[Saved data entries]
==*==
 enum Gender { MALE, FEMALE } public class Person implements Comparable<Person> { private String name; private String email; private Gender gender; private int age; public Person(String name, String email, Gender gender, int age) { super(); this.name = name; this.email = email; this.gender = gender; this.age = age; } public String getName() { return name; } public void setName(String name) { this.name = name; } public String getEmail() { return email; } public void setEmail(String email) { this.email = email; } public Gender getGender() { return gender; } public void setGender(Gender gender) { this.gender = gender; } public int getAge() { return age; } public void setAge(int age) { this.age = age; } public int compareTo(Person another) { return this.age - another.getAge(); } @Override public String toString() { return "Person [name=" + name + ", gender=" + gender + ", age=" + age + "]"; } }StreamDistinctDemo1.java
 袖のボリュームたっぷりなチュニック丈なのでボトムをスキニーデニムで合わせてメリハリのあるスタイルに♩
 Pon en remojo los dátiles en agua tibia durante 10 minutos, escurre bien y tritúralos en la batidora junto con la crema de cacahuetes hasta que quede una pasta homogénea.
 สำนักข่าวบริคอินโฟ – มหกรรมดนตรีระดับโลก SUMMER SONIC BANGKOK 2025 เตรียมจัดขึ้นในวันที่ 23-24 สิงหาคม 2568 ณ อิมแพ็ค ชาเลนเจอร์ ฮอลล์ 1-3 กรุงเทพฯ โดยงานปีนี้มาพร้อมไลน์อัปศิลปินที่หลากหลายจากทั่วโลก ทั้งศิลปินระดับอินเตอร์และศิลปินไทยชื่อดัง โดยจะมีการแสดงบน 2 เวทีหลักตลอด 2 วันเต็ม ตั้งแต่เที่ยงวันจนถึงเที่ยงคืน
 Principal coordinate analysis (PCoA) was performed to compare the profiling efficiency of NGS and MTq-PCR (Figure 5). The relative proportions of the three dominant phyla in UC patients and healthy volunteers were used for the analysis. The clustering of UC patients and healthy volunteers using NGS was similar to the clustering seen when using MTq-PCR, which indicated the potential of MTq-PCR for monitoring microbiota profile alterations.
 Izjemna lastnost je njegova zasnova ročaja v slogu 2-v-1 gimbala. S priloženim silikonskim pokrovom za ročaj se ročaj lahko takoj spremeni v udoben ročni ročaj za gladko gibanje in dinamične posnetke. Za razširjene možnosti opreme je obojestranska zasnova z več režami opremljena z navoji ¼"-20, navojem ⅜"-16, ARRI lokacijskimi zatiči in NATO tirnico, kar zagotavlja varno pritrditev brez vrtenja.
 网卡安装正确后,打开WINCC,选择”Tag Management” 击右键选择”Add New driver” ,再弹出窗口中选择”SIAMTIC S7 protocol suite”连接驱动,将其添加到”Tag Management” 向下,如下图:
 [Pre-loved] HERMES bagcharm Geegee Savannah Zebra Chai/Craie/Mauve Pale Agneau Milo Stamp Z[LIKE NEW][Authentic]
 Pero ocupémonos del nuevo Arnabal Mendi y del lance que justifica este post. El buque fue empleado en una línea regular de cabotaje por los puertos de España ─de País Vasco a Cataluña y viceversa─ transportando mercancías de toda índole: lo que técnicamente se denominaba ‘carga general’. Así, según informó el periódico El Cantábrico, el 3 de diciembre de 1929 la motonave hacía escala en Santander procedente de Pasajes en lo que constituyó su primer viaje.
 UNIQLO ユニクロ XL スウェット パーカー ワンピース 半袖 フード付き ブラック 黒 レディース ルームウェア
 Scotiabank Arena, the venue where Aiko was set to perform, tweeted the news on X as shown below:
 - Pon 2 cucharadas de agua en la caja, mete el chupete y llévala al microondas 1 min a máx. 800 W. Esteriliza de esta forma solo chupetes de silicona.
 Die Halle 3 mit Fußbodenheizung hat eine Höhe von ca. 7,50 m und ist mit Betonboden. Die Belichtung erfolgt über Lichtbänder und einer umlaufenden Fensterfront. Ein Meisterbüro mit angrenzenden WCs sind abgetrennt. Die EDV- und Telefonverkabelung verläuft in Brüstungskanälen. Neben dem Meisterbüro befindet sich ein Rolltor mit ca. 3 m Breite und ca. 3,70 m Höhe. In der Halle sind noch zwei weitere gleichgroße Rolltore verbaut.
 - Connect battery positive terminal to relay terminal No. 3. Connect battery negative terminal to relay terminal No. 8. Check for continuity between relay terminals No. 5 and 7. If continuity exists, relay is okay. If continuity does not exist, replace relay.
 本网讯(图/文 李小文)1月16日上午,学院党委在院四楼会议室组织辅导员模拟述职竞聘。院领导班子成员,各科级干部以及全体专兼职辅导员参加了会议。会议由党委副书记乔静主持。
==*==
An exact copy of the lines above, from the one containing "Scotiabank Arena, the" through the one containing "- Pon 2 cucharadas", is the whole of the answer.

_Reply:_
 Scotiabank Arena, the venue where Aiko was set to perform, tweeted the news on X as shown below:
 - Pon 2 cucharadas de agua en la caja, mete el chupete y llévala al microondas 1 min a máx. 800 W. Esteriliza de esta forma solo chupetes de silicona.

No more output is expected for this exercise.